Os consumidores brasileiros são constantemente bitributados.  O que significa esse termo, na prática? Pois bem, ao pagar impostos, a população destina parte de sua renda para as áreas da saúde, da educação, do transporte e tantas outras. Como nem sempre agradam, alguns optam por serviços particulares.

O caso da saúde é um dos melhores para ser citado, pois várias pessoas preferem qualquer plano mais simples a depender do sistema público. No entanto, este deve ficar mais caro em breve, segundo informações de um executivo consultado pelo jornal Correio Brasilienze.

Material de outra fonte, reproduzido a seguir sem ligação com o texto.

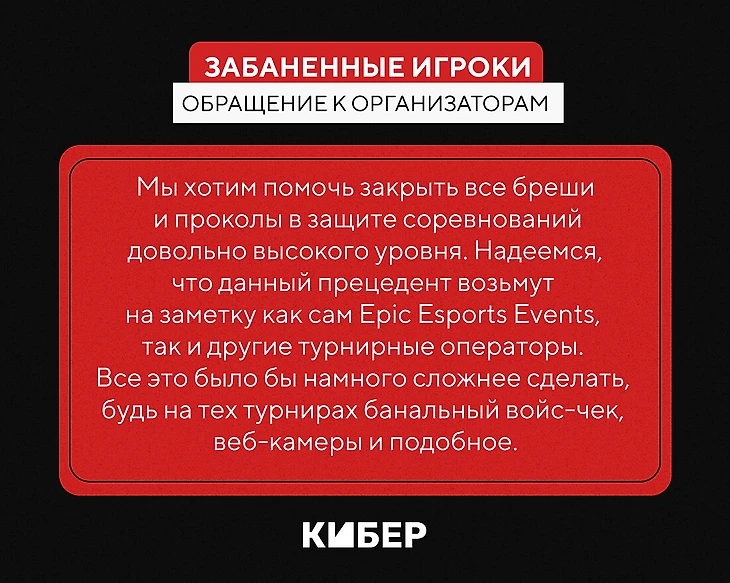 Игроки сами связались с Кибером и попросили площадку для публикации, мы приводим их текст без изменений.
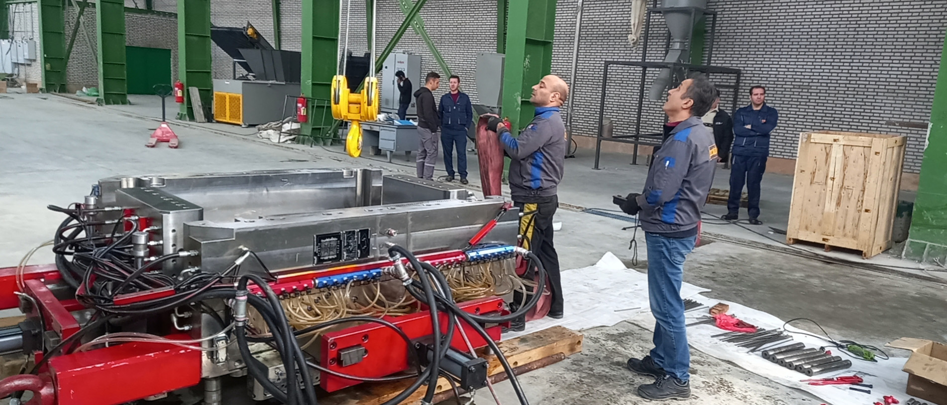 مرحله بعد، نصب، راهاندازی و آموزش بود. یکی از دغدغههای مهم پتروشیمی تبریز این بود که خطوط پس از راهاندازی نیازمند توقفهای طولانی نشوند. تیم فنی فولاد پولاد ماشین از ابتدا تا زمان دستیابی به تولید پایدار در محل پروژه حضور داشت. آموزش اپراتورها، تیم تعمیرات و نیروهای کنترل کیفیت در چند مرحله انجام شد تا مجموعه بتواند بدون وابستگی مستقیم به تیم سازنده، کنترل کامل خط را در دست داشته باشد. همچنین برای بخش تعمیرات قالب که معمولاً حساسترین قسمت چنین خطوطی است، مشاوره و خدمات ویژهای ارائه شد تا قالب در تمامی سیکلها تحت شرایط صحیح نگهداری شود.
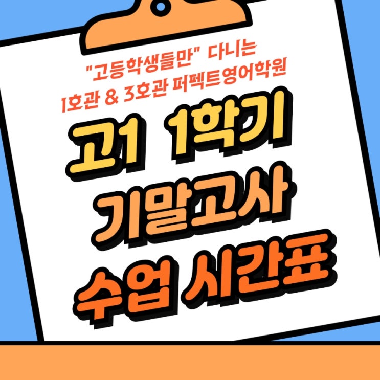 안녕하세요~ 1호관 고등관 퍼펙트영어학원 3호관 신월성 고등 2관 퍼펙트영어학원 1학기 기말대비 시간표 2026년 04월 04일 월요일부터 적용 계속해서 업로드하겠습니다 1차 업로드: 04/24(금) 2차 업로드: 3차 업로드: 4차 업로드: 5차 업로드: 6차 업로드: 7차 업로드: 8차 업로드: 9차 업로드: 10차 업로드: 달서구 지역 고등학생들의 내신 성적 향상을 위한 학교별 달서구 고등 티칭 경력 최소 5년 이상 전담 강사가 맞춤 집중 프로그램으로 운영됩니다. #대구영어학원 #달서구영어학원 #대구고등영어학원 #달서구고등영어학원 #퍼펙트영어학원 #신월성영어학원 #대구내신영어 #고등영어내신 #기말고사대비 #고등내신대비 #영남고영어 #상원....... <img src="https://blogthumb.pstatic.net/MjAyNjA0MjRfMjM4/MDAxNzc2OTY2ODk4MTYz.EMTJI1WteSEi4GFxgw_ZOo5m5X1XH52lAomJsWc8FNEg.pZt0G_qNwttf5MifuYkuODR5UhROwlwfr-3XDu38M2sg.JPEG/900_%C1%A6%B8%F1%C0%BB-%C0%D4%B7%C2%C7%D8%C1%D6%BC%BC%BF%E4_-021.jpg?type=s3" />

Pelo visto, a Agência Nacional de Saúde Suplementar (ANS) deve reajustar os planos em 6,6%, índice que ultrapassa a taxa da inflação acumulada dos últimos 12 meses. Com isso, 7,8 milhões de conveniados terão de pagar um pouco a mais para ter acesso aos planos particulares.

A Fundação de Proteção e Defesa do Consumidor (Procon-SP) e o Instituto Brasileiro de Defesa do Consumidor (Idec) ponderam que se a metodologia de reajuste anual emplacada pela ANS se mantiver, daqui a três décadas os planos de saúde terão ascendido pouco mais de 126% sobre o Índice de Preços ao Consumidor Amplo (IPCA).

Infelizmente, nem o serviço privado é totalmente suficiente. Basta verificar em sites de reclamações as dificuldades de marcar consultas, realizar operações e outros procedimentos. Curiosamente, falta saúde para o país.